» **Task to carry out**
Output the records below verbatim, minus the pictures.

[Opening Working data section]

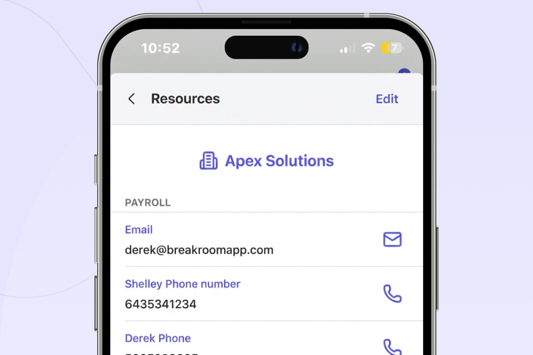 "I think Breakroom will work well for us. We've looked at a lot of different systems. I need it to be pretty simple, and I can't have them walk through 10 different steps. I need to be, like, quick, and they'll do it."
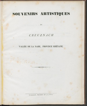 Bingen, Creuznach, das Nahthal und der Donnersberg : dargestellt in sechs malerischen Ansichten ; mit einem kurzen Texte = Bingen, Creuznach, la vallée de la Nahe et le Mont-Tonnerre / nach der Natur gezeichnet und radirt von Roux
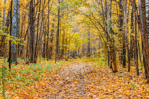 Fototapeta premium Path in a forest with colorful autumn leaves
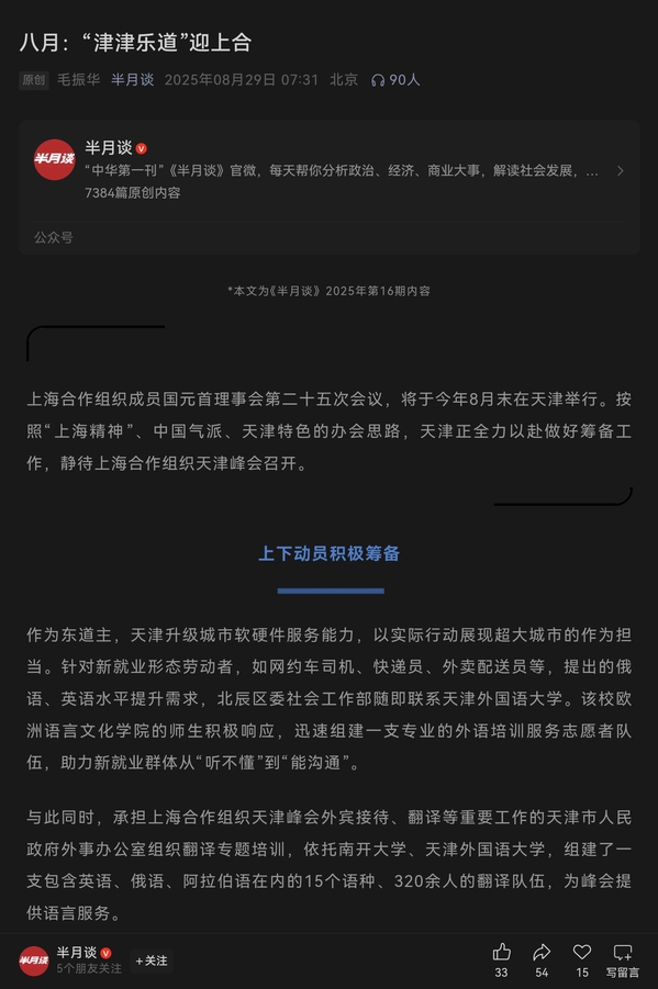 【相约上合】新华社主办的《半月谈》报道我校为北辰区进行外语培训、组建翻译团队、进行城市语言环境建设相关情况。
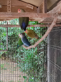 Cedo pappagalli inseparabili allevati a mano (i 2 delle prime tre foto) e gli altri cresciuti in voliera NON allevati a mano.
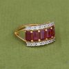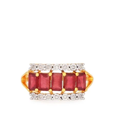 Ruby Ring with Diamond in Gold Plated Sterling Silver (Miracle Plate)
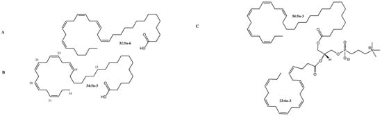 Structure of C32 and C34 VLC-PUFAs in the human retina. (A) C32:5 n-6 VLC-PUFA; (B) C34:5 n-3 VLC-PUFA; (C) Phosphatidylcholine containing C34:5 n-3 VLC-PUFA (sn-1) and DHA (sn-2). Methylene-interrupted cis double bonds are located on the distal ends of VLC-PUFAs, while the proximal ends are reminiscent of saturated fatty acids. Images adapted from Gorusupudi et al. [8] with authors’ permission.
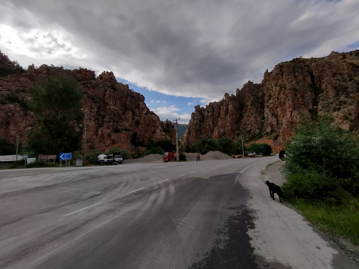 Die Weiterfahrt bis nach Torul verlief angenehm bergab und war auch ohne Wildnis-Abenteuer interessant, denn der Weg war weiterhin gesäumt von faszinierenden Felssteilwänden. In Torul, das spektakulär von Felsen eingerahmt ist, wurden wir schließlich von Kathrin eingeholt und machten uns nach dem Erwerb einer Gasflasche und einem (wie sich später mal wieder herausstellen sollte unnötigen) Lebensmitteleinkaufen an die Schlafplatzsuche. Im Ort hatten wir einmal mehr für erhebliches Aufsehen gesorgt und waren froh als wir alle Erledigungen hinter uns hatten.
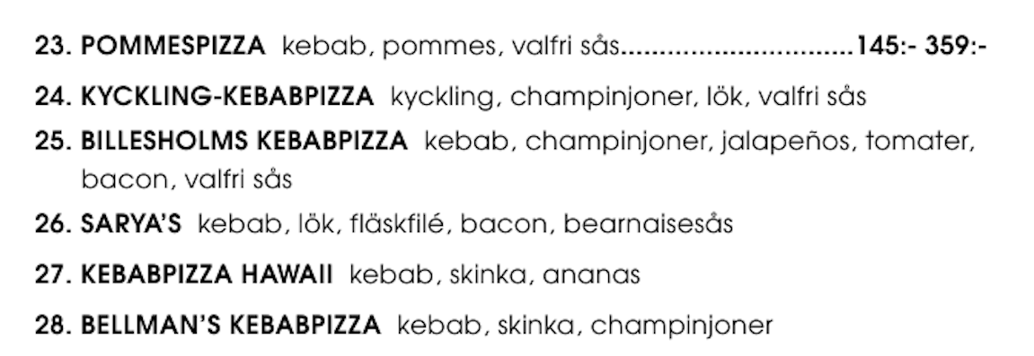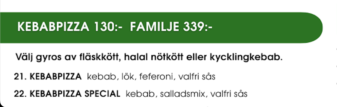 Det ingår feferoni och valfri sås/dressing till kebabpizzor.
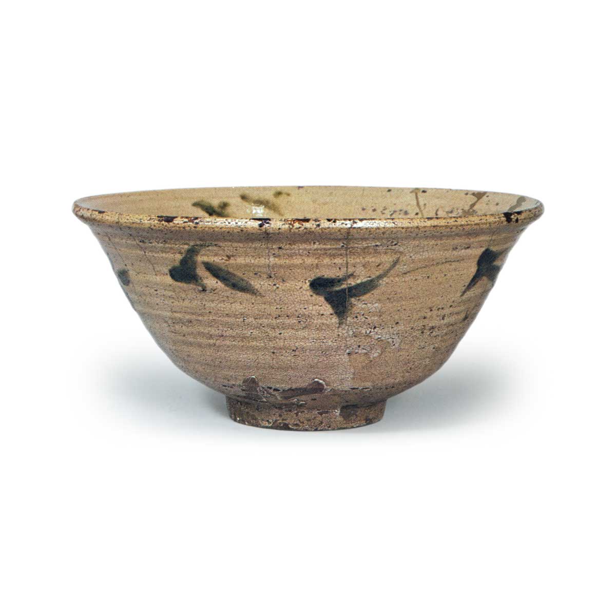 绘唐津胆礬草纹大鉢 唐津绘唐津胆礬草纹大鉢 2025.08.03 绘唐津胆礬草纹大鉢 高度14.5厘米 口径30.5厘米 底径10.2厘米碗口呈朝颜形,开口宽大,内外均以胆礬釉绘制唐草纹样。此类器物较为罕见,但制作年代可能稍晚。推测为椎峰窑作品。碗内壁留有七处指痕。
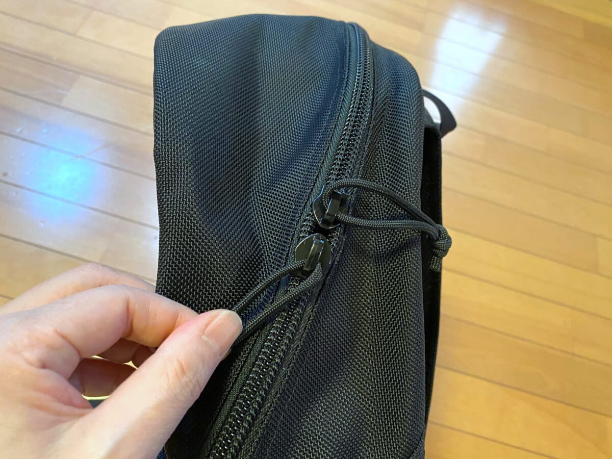 メインコンパートメントとサイドポケットともにファスナーを斜めに配置し、荷物の出し入れがスムーズな設計に。
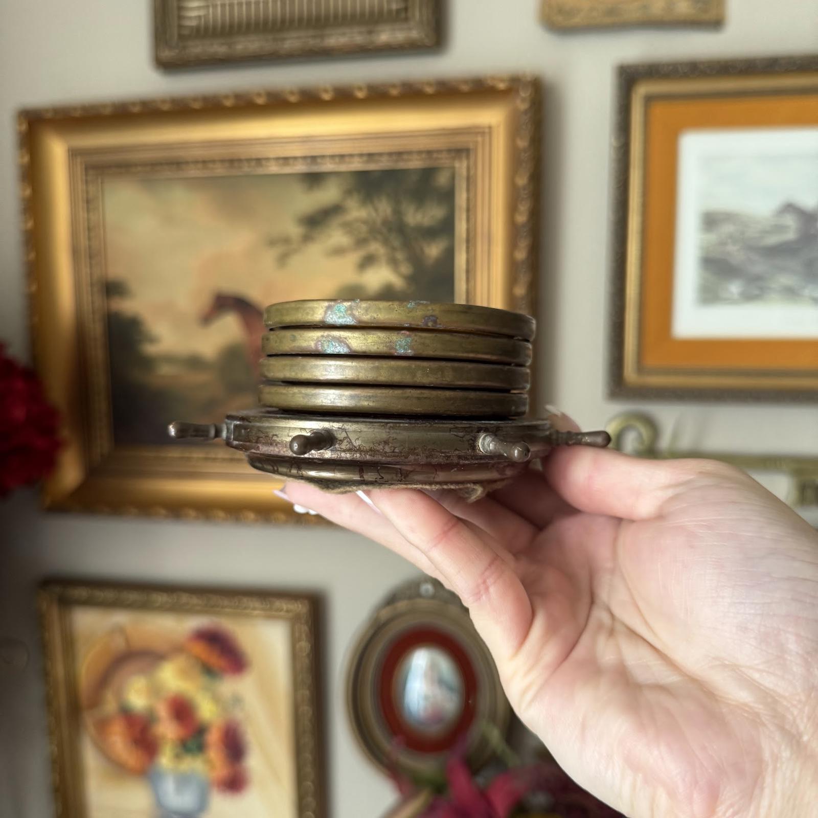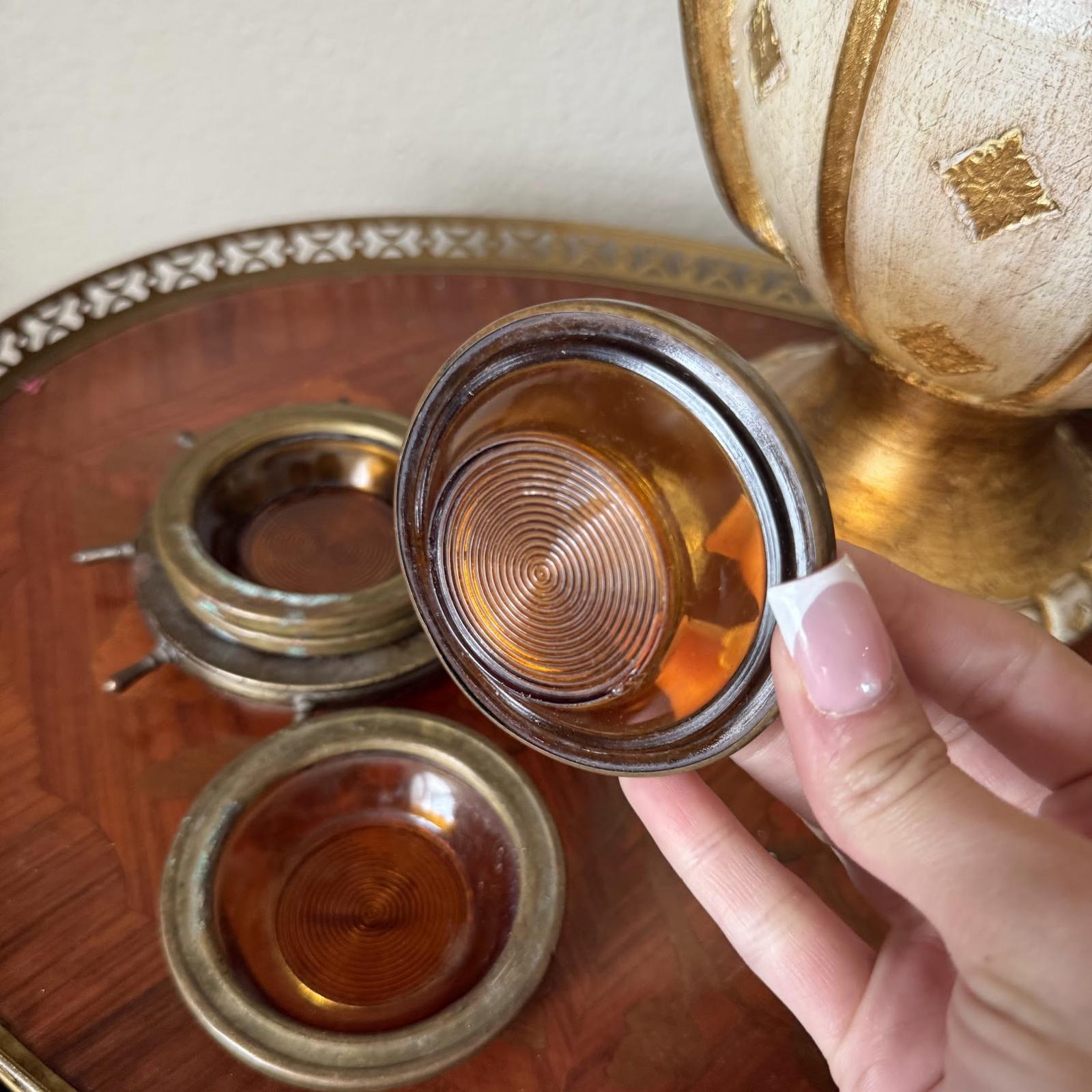 Set of 4 Vintage Ship Steering Wheel Amber Glass Coasters
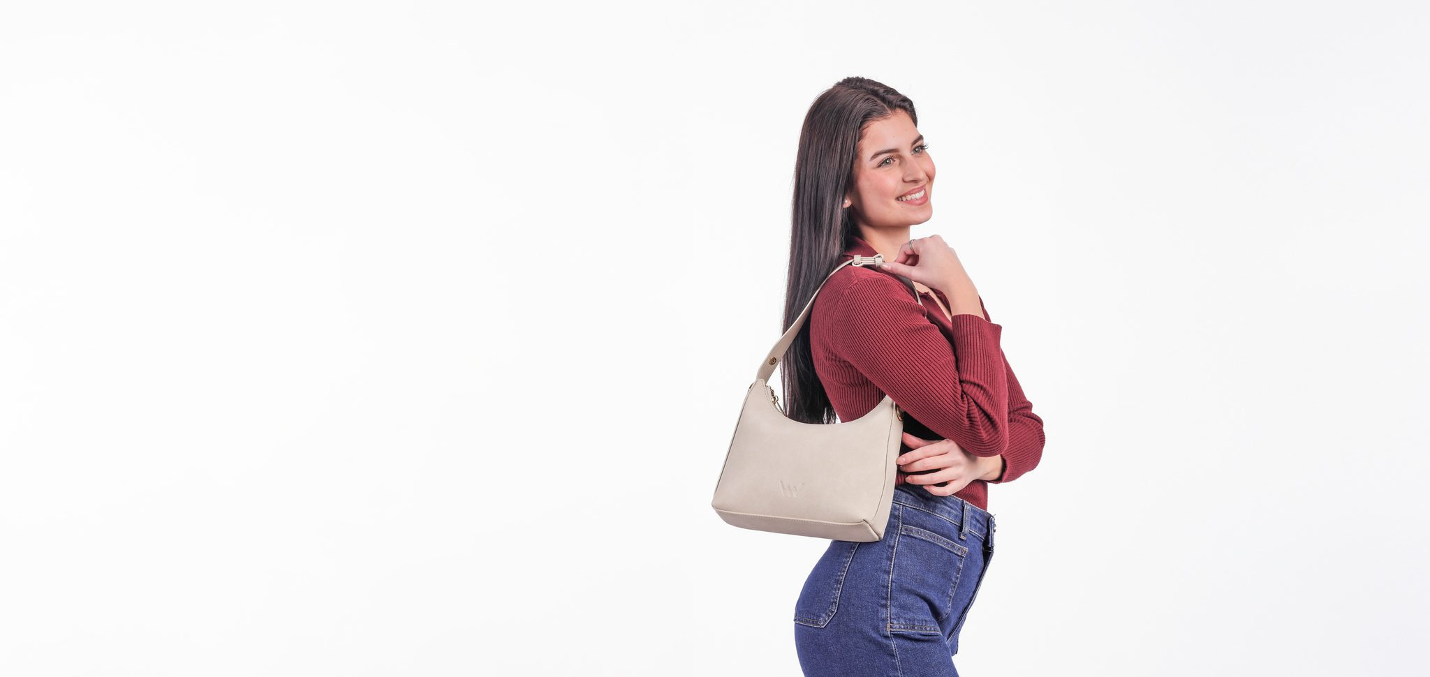 Minimalistický tvar, sametově jemný povrch z imitace semiše a barvy, které snadno sladíš s jakýmkoli outfitem. Velká tak akorát na věci, co Ti zachrání den, a uvnitř přehledně schová všechny denní nezbytnosti. Variabilní řešení popruhu Ti umožní nosit ji přesně tak, jak se Ti hodí – od ranní kávy až po večerní kino. Popruh do ruky snadno pomocí pinů upravíš na popruh na rameno a navíc je součástí kabelky i samostatný crossbody popruh pro pohodlné nošení s volnýma rukama.
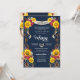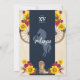 charro occidental hermoso tema rústico para quinceañera o celebración de cumpleaños. Este diseño presenta girasoles amarillos brillantes y ricas rosas rojas, con un fondo azul marino de personalizable y acentos rústicos occidentales. ¡personalizable total para cualquier tipo de evento!

[Closing Working data section]

» **Solution**
 "I think Breakroom will work well for us. We've looked at a lot of different systems. I need it to be pretty simple, and I can't have them walk through 10 different steps. I need to be, like, quick, and they'll do it."
 Bingen, Creuznach, das Nahthal und der Donnersberg : dargestellt in sechs malerischen Ansichten ; mit einem kurzen Texte = Bingen, Creuznach, la vallée de la Nahe et le Mont-Tonnerre / nach der Natur gezeichnet und radirt von Roux
 Fototapeta premium Path in a forest with colorful autumn leaves
 【相约上合】新华社主办的《半月谈》报道我校为北辰区进行外语培训、组建翻译团队、进行城市语言环境建设相关情况。
 Cedo pappagalli inseparabili allevati a mano (i 2 delle prime tre foto) e gli altri cresciuti in voliera NON allevati a mano.
 Ruby Ring with Diamond in Gold Plated Sterling Silver (Miracle Plate)
 Structure of C32 and C34 VLC-PUFAs in the human retina. (A) C32:5 n-6 VLC-PUFA; (B) C34:5 n-3 VLC-PUFA; (C) Phosphatidylcholine containing C34:5 n-3 VLC-PUFA (sn-1) and DHA (sn-2). Methylene-interrupted cis double bonds are located on the distal ends of VLC-PUFAs, while the proximal ends are reminiscent of saturated fatty acids. Images adapted from Gorusupudi et al. [8] with authors’ permission.
 Die Weiterfahrt bis nach Torul verlief angenehm bergab und war auch ohne Wildnis-Abenteuer interessant, denn der Weg war weiterhin gesäumt von faszinierenden Felssteilwänden. In Torul, das spektakulär von Felsen eingerahmt ist, wurden wir schließlich von Kathrin eingeholt und machten uns nach dem Erwerb einer Gasflasche und einem (wie sich später mal wieder herausstellen sollte unnötigen) Lebensmitteleinkaufen an die Schlafplatzsuche. Im Ort hatten wir einmal mehr für erhebliches Aufsehen gesorgt und waren froh als wir alle Erledigungen hinter uns hatten.
 Det ingår feferoni och valfri sås/dressing till kebabpizzor.
 绘唐津胆礬草纹大鉢 唐津绘唐津胆礬草纹大鉢 2025.08.03 绘唐津胆礬草纹大鉢 高度14.5厘米 口径30.5厘米 底径10.2厘米碗口呈朝颜形,开口宽大,内外均以胆礬釉绘制唐草纹样。此类器物较为罕见,但制作年代可能稍晚。推测为椎峰窑作品。碗内壁留有七处指痕。
 メインコンパートメントとサイドポケットともにファスナーを斜めに配置し、荷物の出し入れがスムーズな設計に。
 Set of 4 Vintage Ship Steering Wheel Amber Glass Coasters
 Minimalistický tvar, sametově jemný povrch z imitace semiše a barvy, které snadno sladíš s jakýmkoli outfitem. Velká tak akorát na věci, co Ti zachrání den, a uvnitř přehledně schová všechny denní nezbytnosti. Variabilní řešení popruhu Ti umožní nosit ji přesně tak, jak se Ti hodí – od ranní kávy až po večerní kino. Popruh do ruky snadno pomocí pinů upravíš na popruh na rameno a navíc je součástí kabelky i samostatný crossbody popruh pro pohodlné nošení s volnýma rukama.
 charro occidental hermoso tema rústico para quinceañera o celebración de cumpleaños. Este diseño presenta girasoles amarillos brillantes y ricas rosas rojas, con un fondo azul marino de personalizable y acentos rústicos occidentales. ¡personalizable total para cualquier tipo de evento!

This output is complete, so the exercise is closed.